The 2018 edition of the Venice Architecture Biennale runs from May 26 until November 25. Curators Yvonne Farrell and Shelley McNamara will focus the exhibition on #Freespace. You can find more details on this theme and the new initiatives in my post ‘What to expect from the Architecture Biennale 2018‘.
The event is spread across two main locations (Giardini and Arsenale) and different venues in and around Venice. With the #Freespace exhibition, the huge number of national pavilions, collateral events and plenty of coinciding exhibitions, the Architecture Biennale can be overwhelming. Unless you have the luxury to dedicate a full week to the Architecture Biennale, you will have to make some choices.
This post will help you decide how to make the most out of your visit and which parts of the Architecture Biennale are most interesting for you.
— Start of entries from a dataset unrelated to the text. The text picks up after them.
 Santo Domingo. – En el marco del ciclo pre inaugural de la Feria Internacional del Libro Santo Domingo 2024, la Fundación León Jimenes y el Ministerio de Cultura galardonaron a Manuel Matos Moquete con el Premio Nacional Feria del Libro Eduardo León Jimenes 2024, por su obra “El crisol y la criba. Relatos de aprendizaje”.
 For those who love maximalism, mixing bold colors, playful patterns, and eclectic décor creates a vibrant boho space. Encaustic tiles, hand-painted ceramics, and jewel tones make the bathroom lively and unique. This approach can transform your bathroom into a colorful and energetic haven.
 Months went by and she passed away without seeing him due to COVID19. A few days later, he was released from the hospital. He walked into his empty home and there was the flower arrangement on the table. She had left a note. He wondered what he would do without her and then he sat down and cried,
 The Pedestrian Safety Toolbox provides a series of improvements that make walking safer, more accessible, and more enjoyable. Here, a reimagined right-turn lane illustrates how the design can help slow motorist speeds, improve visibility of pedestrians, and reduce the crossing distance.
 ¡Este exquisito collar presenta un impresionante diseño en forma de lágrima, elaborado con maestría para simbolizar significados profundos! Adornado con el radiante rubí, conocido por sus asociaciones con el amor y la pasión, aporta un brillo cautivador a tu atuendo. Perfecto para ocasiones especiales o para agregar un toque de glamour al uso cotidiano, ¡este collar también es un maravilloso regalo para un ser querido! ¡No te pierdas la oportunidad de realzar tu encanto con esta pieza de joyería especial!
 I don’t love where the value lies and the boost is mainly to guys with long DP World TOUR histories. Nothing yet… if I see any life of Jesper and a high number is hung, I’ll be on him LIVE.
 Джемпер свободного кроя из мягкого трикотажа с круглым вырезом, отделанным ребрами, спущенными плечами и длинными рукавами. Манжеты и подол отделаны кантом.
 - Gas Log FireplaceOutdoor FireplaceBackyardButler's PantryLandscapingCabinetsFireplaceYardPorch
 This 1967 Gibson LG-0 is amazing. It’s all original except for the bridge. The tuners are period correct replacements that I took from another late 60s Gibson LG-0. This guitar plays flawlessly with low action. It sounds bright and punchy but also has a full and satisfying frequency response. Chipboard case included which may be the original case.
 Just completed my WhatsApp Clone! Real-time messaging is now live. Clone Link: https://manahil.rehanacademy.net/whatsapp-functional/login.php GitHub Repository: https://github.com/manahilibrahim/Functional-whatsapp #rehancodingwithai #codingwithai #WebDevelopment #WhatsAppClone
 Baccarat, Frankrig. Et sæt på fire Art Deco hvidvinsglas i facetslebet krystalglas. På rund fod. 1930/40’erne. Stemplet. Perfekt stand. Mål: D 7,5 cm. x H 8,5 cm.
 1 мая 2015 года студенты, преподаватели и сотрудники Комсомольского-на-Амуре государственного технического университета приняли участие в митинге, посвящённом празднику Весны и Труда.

The tickets for the 2018 Architecture Biennale will be available from mid March. There are different types of entrance tickets, so you have to check upfront which ticket fits your needs. The regular ticket costs 25 euros (20 euros if you buy before the end of April) and allows one entrance to Giardini and one to Arsenale. You are allowed to visit these sites on two different days, which don’t have to be consecutive. If you prefer more flexibility about the number of times you can enter each site, you will have to take a 48 hours ‘Plus’ ticket (30 euros), a one week pass (40 euros) or a permanent pass (85 euros). There are also several discounts available.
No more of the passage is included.